RECORDS FOR THE TASK>
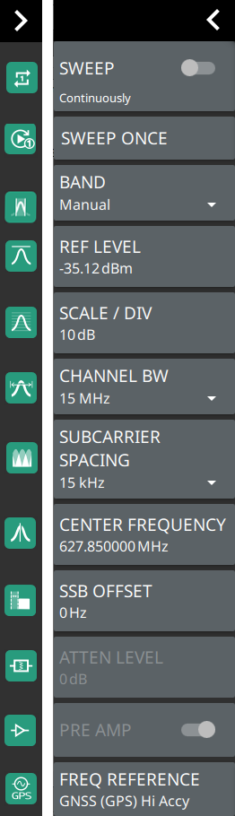 ![]() | SWEEP Toggles the current sweep setting between continuously or sweep once. Refer to Setting Sweep Parameters. SWEEP ONCE When sweep is set to single sweep, SWEEP ONCE updates the measurement display. Data continues to be captured in the background. BAND Select MANUAL, GLOBAL ALL or one of the predefined bands. Selecting MANUAL hides ARFCN and GSCN settings. Selecting a predefined band or GLOBAL ALL activates ARFCN and GSCN settings. REF LEVEL Sets the reference level of the top graticule line in the selected units. If the reference level offset is not zero, OFFSET REF LEVEL is displayed at this location. Refer to Setting Amplitude Parameters. SCALE/DIV Sets the graticule scale/division for log-based units. This setting does not apply to linear units. CHANNEL BW Sets the measurement channel bandwidth. The available bandwidth settings depend on the selected band and bandwidth option installed in the instrument. Refer to “Options Settings” section in Instrument Overview chapter of user guide. SUBCARRIER SPACING Sets the subcarrier spacing. The available input range is dependent on the selected band. CENTER FREQUENCY When the band is set to MANUAL, sets the center frequency of the measurement channel. Changing the center frequency sets the band to MANUAL. SSB OFFSET SSB is the Synchronous Signal Block. The SSB Offset sets the frequency offset between the SSB and the overall resource block. ATTEN LEVEL When auto attenuation is off, sets input attenuation. PRE AMP Toggles the low-noise front-end preamplifier on or off. Refer to Setting Amplitude Parameters. TRACES Displays the current status of up to six traces in the status panel. The trace card includes the trace number, type, mode, and detector type. The active trace will show a highlighted background with the mode and detector type restated under the table. Selecting a trace in the status panel activates the pressed trace and opens the TRACE menu, allowing you to select and set up an individual trace as desired. Refer to Setting Trace Parameters. FREQ REFERENCE Indicates the current frequency reference source of Internal High Accuracy (used after GPS has lost sync, but while the internal clock still has good GPS reference), Internal Standard Accuracy, External, or GNSS (GPS) Hi Accy (requires GPS). The instrument automatically selects the frequency reference in the following order of priority: external, GPS, then the internal time base. |
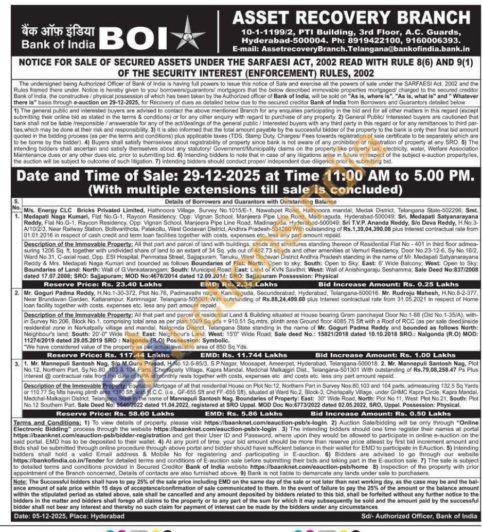 Description of the Immovable Property: All that part and parcel of land with buildings, sheds and structures standing thereon of Residential Flat No-401 in third floor admea-suring 1206 Sq ft, together with undivided share of land to an extant of 34 Sq. yds out of 482.73 sq.yds and other amenities at Vemuri Residency, Door No. 23-12-6, Sy No. 16/2, Ward No. 31, C-axial road, Opp. ESI Hospital, Penmatsa Street, Sajjapuram, Tanuku, West Godavari District Andhra Pradesh standing in the name of Mr. Medapati Satyanarayana Reddy & Mrs. Medapati Naga Kumari and bounded as follows Boundaries of Flat: North: Open to sky: South: Open to Sky. East: 6' Wide Balcony: West: Open to Sky: Boundaries of Land: North: Wall of G. Venkatarangam: South: Municipal Road: East: Land of KVN Savithri: West: Wall of Anishingaraju Seshamma; Sale Deed No:837/2008 dated 17.07.2008; SRO: Sajjapuram: MOD No:4676/2014 dated 12.09.2014; SRO: Sajjapuram Possession: Physical
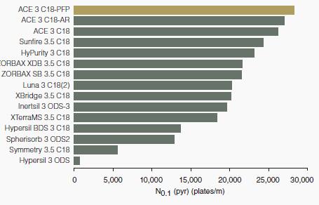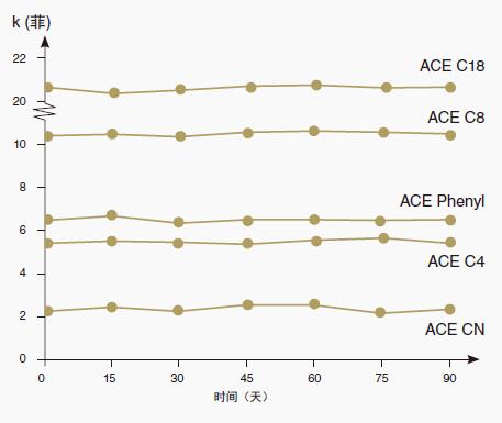 尽管所有ACE键合相的稳定性都很优异,但是一些键合相并不像其它键合相那样稳定。例如,通常认为C18键合比柱长较短的烷基相、PFP相和苯基键合相更稳定。
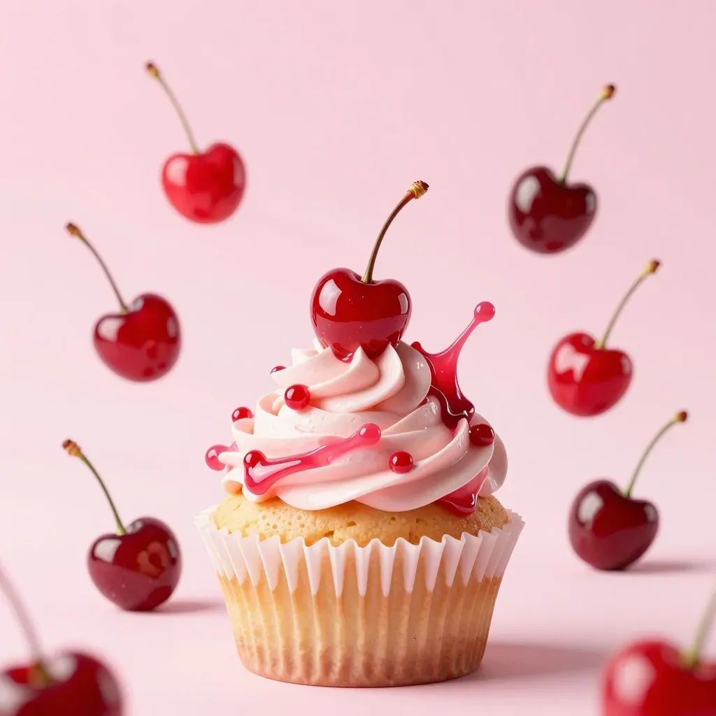 A close-up of a cupcake with white frosting and cherries, featuring a glossy glaze splash, set against a soft pink background. The diffused lighting highlights the glossy textures and creates subtle shadows, enhancing the visual appeal and depth of the image.
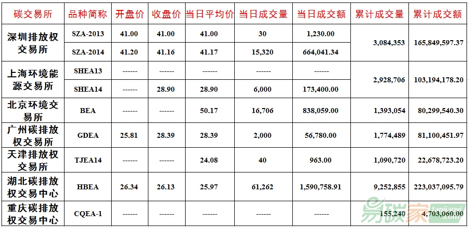 品種SZA-2013成交30噸,成交額1,230.00元,開盤價41.00元,最高價41.00元,最低價41.00元,收盤價41.00元,較前一交易日下跌8.89%。品種SZA-2014成交15,320噸,成交額664,041.34元,開盤價41.20元,最高價41.20元,最低價41.15元,收盤價41.16元,較前一交易日下跌9.97%。截止當日,深圳碳
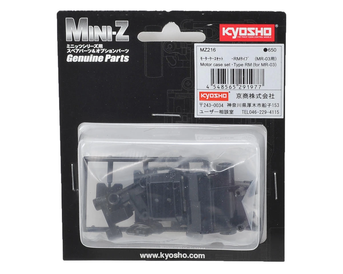 Kyosho Mini Z MR-03 Type RM Motor Case Set. Package includes the parts needed to equip your MR-03 chassis with a RM motor configuration.
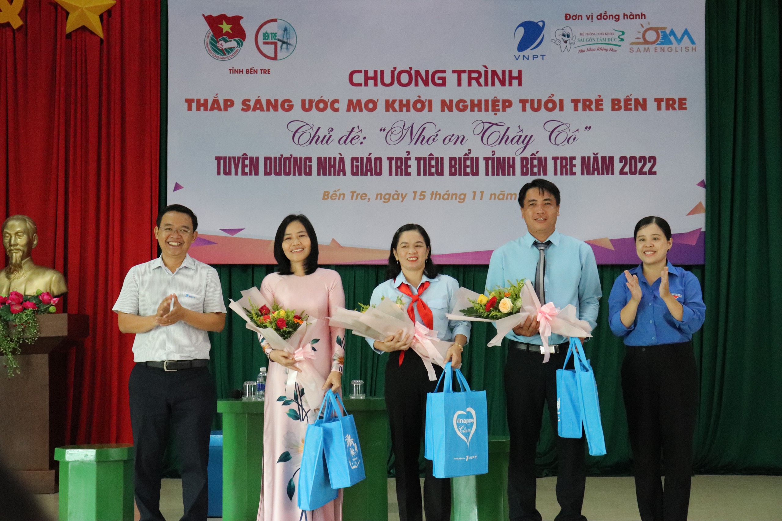 Nhân kỷ niệm kỉ niệm 40 năm ngày Hiến chương nhà giáo Việt Nam (20/11/1982-20/11/2022), Ban Thường vụ Tỉnh đoàn đã tuyên dương và trao tặng danh hiệu “Nhà giáo trẻ tiêu biểu” tỉnh Bến Tre năm 2022 cho 07 thầy cô đạt nhiều thành tích cao trong công tác giảng dạy, nghiên cứu khoa học, sẵn sàng dấn thân cống hiến cho xã hội, sống gương mẫu, là tấm gương sáng về đạo đức và tài năng đối với đồng nghiệp, học sinh, sinh viên tỉnh nhà.

YOUR GOAL> Return an exact copy of the data above, apart from any pictures.

TASK RESULT>
 ![]() | SWEEP Toggles the current sweep setting between continuously or sweep once. Refer to Setting Sweep Parameters. SWEEP ONCE When sweep is set to single sweep, SWEEP ONCE updates the measurement display. Data continues to be captured in the background. BAND Select MANUAL, GLOBAL ALL or one of the predefined bands. Selecting MANUAL hides ARFCN and GSCN settings. Selecting a predefined band or GLOBAL ALL activates ARFCN and GSCN settings. REF LEVEL Sets the reference level of the top graticule line in the selected units. If the reference level offset is not zero, OFFSET REF LEVEL is displayed at this location. Refer to Setting Amplitude Parameters. SCALE/DIV Sets the graticule scale/division for log-based units. This setting does not apply to linear units. CHANNEL BW Sets the measurement channel bandwidth. The available bandwidth settings depend on the selected band and bandwidth option installed in the instrument. Refer to “Options Settings” section in Instrument Overview chapter of user guide. SUBCARRIER SPACING Sets the subcarrier spacing. The available input range is dependent on the selected band. CENTER FREQUENCY When the band is set to MANUAL, sets the center frequency of the measurement channel. Changing the center frequency sets the band to MANUAL. SSB OFFSET SSB is the Synchronous Signal Block. The SSB Offset sets the frequency offset between the SSB and the overall resource block. ATTEN LEVEL When auto attenuation is off, sets input attenuation. PRE AMP Toggles the low-noise front-end preamplifier on or off. Refer to Setting Amplitude Parameters. TRACES Displays the current status of up to six traces in the status panel. The trace card includes the trace number, type, mode, and detector type. The active trace will show a highlighted background with the mode and detector type restated under the table. Selecting a trace in the status panel activates the pressed trace and opens the TRACE menu, allowing you to select and set up an individual trace as desired. Refer to Setting Trace Parameters. FREQ REFERENCE Indicates the current frequency reference source of Internal High Accuracy (used after GPS has lost sync, but while the internal clock still has good GPS reference), Internal Standard Accuracy, External, or GNSS (GPS) Hi Accy (requires GPS). The instrument automatically selects the frequency reference in the following order of priority: external, GPS, then the internal time base. |
 Description of the Immovable Property: All that part and parcel of land with buildings, sheds and structures standing thereon of Residential Flat No-401 in third floor admea-suring 1206 Sq ft, together with undivided share of land to an extant of 34 Sq. yds out of 482.73 sq.yds and other amenities at Vemuri Residency, Door No. 23-12-6, Sy No. 16/2, Ward No. 31, C-axial road, Opp. ESI Hospital, Penmatsa Street, Sajjapuram, Tanuku, West Godavari District Andhra Pradesh standing in the name of Mr. Medapati Satyanarayana Reddy & Mrs. Medapati Naga Kumari and bounded as follows Boundaries of Flat: North: Open to sky: South: Open to Sky. East: 6' Wide Balcony: West: Open to Sky: Boundaries of Land: North: Wall of G. Venkatarangam: South: Municipal Road: East: Land of KVN Savithri: West: Wall of Anishingaraju Seshamma; Sale Deed No:837/2008 dated 17.07.2008; SRO: Sajjapuram: MOD No:4676/2014 dated 12.09.2014; SRO: Sajjapuram Possession: Physical
 尽管所有ACE键合相的稳定性都很优异,但是一些键合相并不像其它键合相那样稳定。例如,通常认为C18键合比柱长较短的烷基相、PFP相和苯基键合相更稳定。
 A close-up of a cupcake with white frosting and cherries, featuring a glossy glaze splash, set against a soft pink background. The diffused lighting highlights the glossy textures and creates subtle shadows, enhancing the visual appeal and depth of the image.
 品種SZA-2013成交30噸,成交額1,230.00元,開盤價41.00元,最高價41.00元,最低價41.00元,收盤價41.00元,較前一交易日下跌8.89%。品種SZA-2014成交15,320噸,成交額664,041.34元,開盤價41.20元,最高價41.20元,最低價41.15元,收盤價41.16元,較前一交易日下跌9.97%。截止當日,深圳碳
 Kyosho Mini Z MR-03 Type RM Motor Case Set. Package includes the parts needed to equip your MR-03 chassis with a RM motor configuration.
 Nhân kỷ niệm kỉ niệm 40 năm ngày Hiến chương nhà giáo Việt Nam (20/11/1982-20/11/2022), Ban Thường vụ Tỉnh đoàn đã tuyên dương và trao tặng danh hiệu “Nhà giáo trẻ tiêu biểu” tỉnh Bến Tre năm 2022 cho 07 thầy cô đạt nhiều thành tích cao trong công tác giảng dạy, nghiên cứu khoa học, sẵn sàng dấn thân cống hiến cho xã hội, sống gương mẫu, là tấm gương sáng về đạo đức và tài năng đối với đồng nghiệp, học sinh, sinh viên tỉnh nhà.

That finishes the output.